Выбрать главу

Он чувствовал себя, как крыса в лабиринте: в какую бы сторону ни пошел, ему везде преграждали дорогу. Вольф заметил такси, большой старый «форд», из-под капота которого со свистом вырывался пар. Он помахал рукой и вскочил в притормозивший автомобиль. Дал шоферу какой-то адрес, и машина рывком дернулась с места на третьей скорости, очевидно, единственной, которая работала. По дороге они дважды останавливались доливать воду в кипящий радиатор, и Вольф съеживался на заднем сиденье, стараясь спрятать свое лицо.

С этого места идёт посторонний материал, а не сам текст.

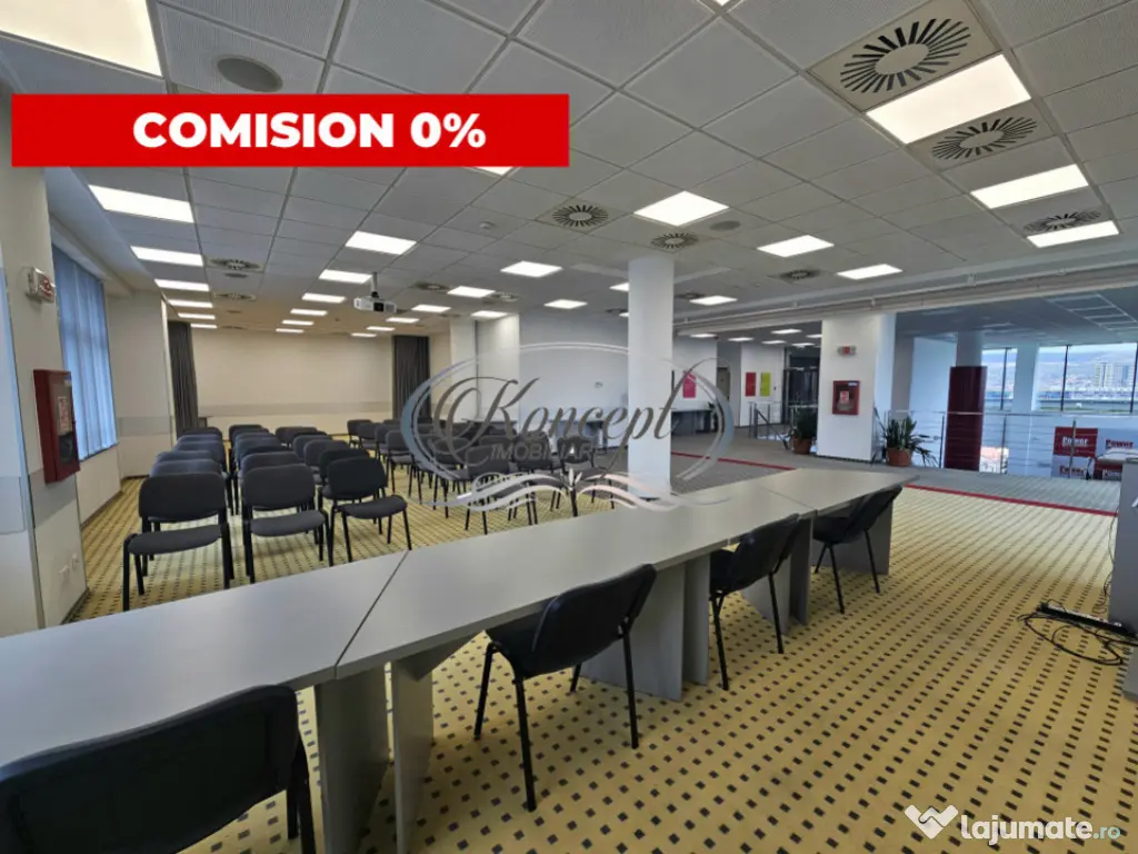 Koncept Imobiliare va propune spre inchiriere un spatiu de birouri situat in cladirea Power Business Center, una dintre primele cladiri clasa A din Cluj-Napoca, pozitionata strategic in zona semicentrala a orasului. Accesul facil atat pietonal, cat si auto, impreuna cu proximitatea fata de centrul orasului, recomanda imobilul companiilor care isi doresc vizibilitate si conectivitate. Spatiul disponibil are o suprafata utila de 179 mp, dispus in open space, cu inaltime interioara de pana la 3.5 metri si 2 grupuri sanitare proprii. Exista posibilitatea de recompartimentare, in functie de necesitatile chiriasului. Parcarea este generoasa, putand fi inchiriate pana la 15 locuri de parcare suplimentare la pretul de 120 euro + TVA fiecare. Interiorul este finisat cu pereti in lavabil alb, mocheta pe pardoseala si tavan fals casetat. Sistemul tehnic include instalatii 4 tevi pentru incalzire si racire, ventilatie naturala prin ferestre cu deschidere, acces pe baza de cartela, receptie si supraveghere video. Cladirea este recunoscuta pentru sistemul sau “open system” care permite adaptarea instalatiilor conform nevoilor chiriasilor. Suprafata se preteaza pentru multiple activitati precum birouri corporate, sala de fitness, activitati de tip workshop, cursuri pentru copii sau zone de coworking. In plus, chiriasii beneficiaza de acces la sala de evenimente a cladirii la un cost preferential, cu o capacitate intre 30 si 150 de persoane si terasa panoramica cu vedere 360 grade asupra orasului. Pentru informatii complete, programarea unei vizionari sau pentru a afla oferta noastra completa va stam la dispozitie telefonic, prin e-mail sau la sediul agentiei noastre, pe str. Aviator Badescu, nr. 19, Cluj-Napoca. Id intern: P20845 Suprafaţă totală: 205 m² An finalizare construcție: 2007 Stadiu construcţie: Finalizat Clasă birouri: A Comision cumpărător: 0% Tip imobil: Bloc de apartamente

В конце концов они приехали в коптский район Каира – старое христианское гетто.

Вольф расплатился с шофером и пошел вниз по ступенькам. Он дал несколько пиастров старой женщине, которая сидела у большого деревянного шлагбаума, и она впустила его.

Это был островок темноты и тишины посреди бурного моря Каира. Вольф брел по его узким проходам и слушал низкое пение, слабо доносившееся из древних церквей. Он прошел мимо школы, синагоги и подвала, куда, согласно легенде, Мария принесла младенца Иисуса, и в конце концов вошел в маленькую церковь.

Служба должна была вот-вот начаться. Вольф поставил свои драгоценные чемоданы рядом со скамьей. Он поклонился изображениям святых на стене, потом подошел к алтарю, преклонил колена и поцеловал руку священника. Затем вернулся к своей скамье и сел.

Хор начал петь отрывок из Священного писания на арабском языке. Вольф устроился поудобнее на своем месте. Здесь он будет в безопасности до наступления темноты. Затем он предпримет последнюю попытку.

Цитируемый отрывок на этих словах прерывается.